The power to arrest is a very important one which under any circumstances should be exercised only with sound discretion. One constable in Pittsburgh arrested a foreigner at night. Having no warrant he took him to an alderman's office, where he found the alderman out, and pretentiously used the telephone to locate him, with no results. Then substantially the following conversation took place:

"Now —— you, I will be the squire myself," taking his place behind the railing.

"How much money have you?" The prisoner was found to have a few dollars on his person.

"Well you are fined $—— (the exact amount the prisoner had with him) and discharged. Now get out."

The fine was pocketed and the prisoner permitted to go. It is probable that the constable was drunk, but the abuse is only the more apparent.

In another case an educated German was studying manufacturing methods and spent much time in the neighborhood of the steel mills. One evening he saw an alderman's constable, whom he knew by sight, on a street car handcuffed to a prisoner. With Teutonic curiosity he asked the details of the case. The constable, who was under the influence of liquor, beckoned the German over to him and deftly handcuffed him also. The German, of course, thought the affair a little joke. He was, however, taken to jail, but refused by the warden, because there was no warrant for his confinement. The constable then took the prisoner outside, and when they reached Diamond street asked him how much money he had. The German really had $600 or $700 on his person, but replied that he had only a few dollars, producing some bills and small change. The constable told him he would release him for $3.50. This the German paid and got his liberty. The latter was leaving the city the next day and, as he was a steel expert representing a foreign government, could not possibly remain to prosecute the constable. It is not likely that such abuses are common, but their existence indicates the possibilities of abuse of a system which provides for no form of supervision.

There are costs connected with all these criminal matters. These costs the defendant if guilty is supposed to pay. But the fact that an alderman entertains a frivolous information does not prevent his being paid for his work. If the case is discharged the county pays. If the prisoner is committed and the case ignored by the grand jury the county pays. The percentage of bills ignored by the grand jury is sometimes as high as seventy-two per cent. This means that seventy-two per cent of persons brought before the alderman have either been put in jail or held for bail on evidence not sufficient for the basing of an indictment. In all such cases the aldermen are secured in their costs, and as we have seen in 1907 the costs returned in such discharged criminal cases to the various aldermen and justices of the peace and sundry officers amounted to $26,724.45. Taking the year 1907, we find that for the support of the criminal court the county was put to a net expense of about $150,000. By law aldermen must pay over to the county all or sometimes a proportion of fines collected depending on the special act of assembly. These fines are supposed to be voluntarily accounted for, and up to very recently very little attempt was made to test the accuracy of such returns. In 1896, however, the county controller inaugurated a system of auditing the criminal dockets of aldermen for the better ascertainment of the county's share of such fines. The returns that year increased seventy-five per cent and have been increasing steadily ever since, although in 1907 the total amount returned to the controller in such cases was but $3,714.20.
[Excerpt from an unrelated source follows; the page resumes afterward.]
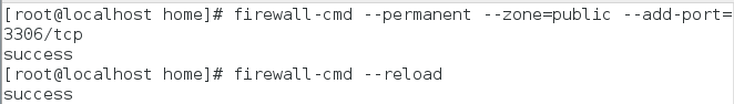 #开启访问端口 firewall-cmd --permanent --zone=public --add-port=3306/tcp #重新加载防火墙配置 firewall-cmd --reload

In brief the whole aldermanic system is defective. At the threshold we find an office the income of which is derived from fees, depending upon the volume of business. Plaintiffs are customers, the more the merrier. Impartiality is impossible, and decision on merits almost unheard of. The fee system, which causes the injustice and corruption, has come down to us from colonial times, a relic of the days when the public purse was too lean to permit paying salaries to minor judicial officers. From a wise public economy this fee system has become, with the growth of the country, a source both of injustice and of extreme expense to the public at large. It should have been abandoned long ago, but through the indifference of the public and the political influence of the aldermen it remains and flourishes.

The second radical defect of the aldermanic system is that the office is mixed with politics. An effort was made a few years ago to abolish the aldermanic courts, and it is a matter of history how sudden a death the movement met at the state capital. One of the judges of the county bench in discussing the matter recently expressed the opinion that no act of assembly could be passed to remedy the situation, because of the political influence of the aldermen. It has been the boast of this country that the judiciary is not swayed by politics, but here in the subordinate courts we have a branch of the judiciary so steeped in politics that the squire's office as a campaign center and a place of political organizing rivals the saloon.

Third, we have the almost ludicrous case of judicial officers who with noteworthy exceptions are not learned in the law, are sometimes uncouth, generally ignorant, and have made their mistakes, not only in law, but in grammar, a source of constant lampooning. These are proverbial. The grave decisions of the higher courts that aldermen are state judicial officers presiding over judicial courts has a flavor of irony.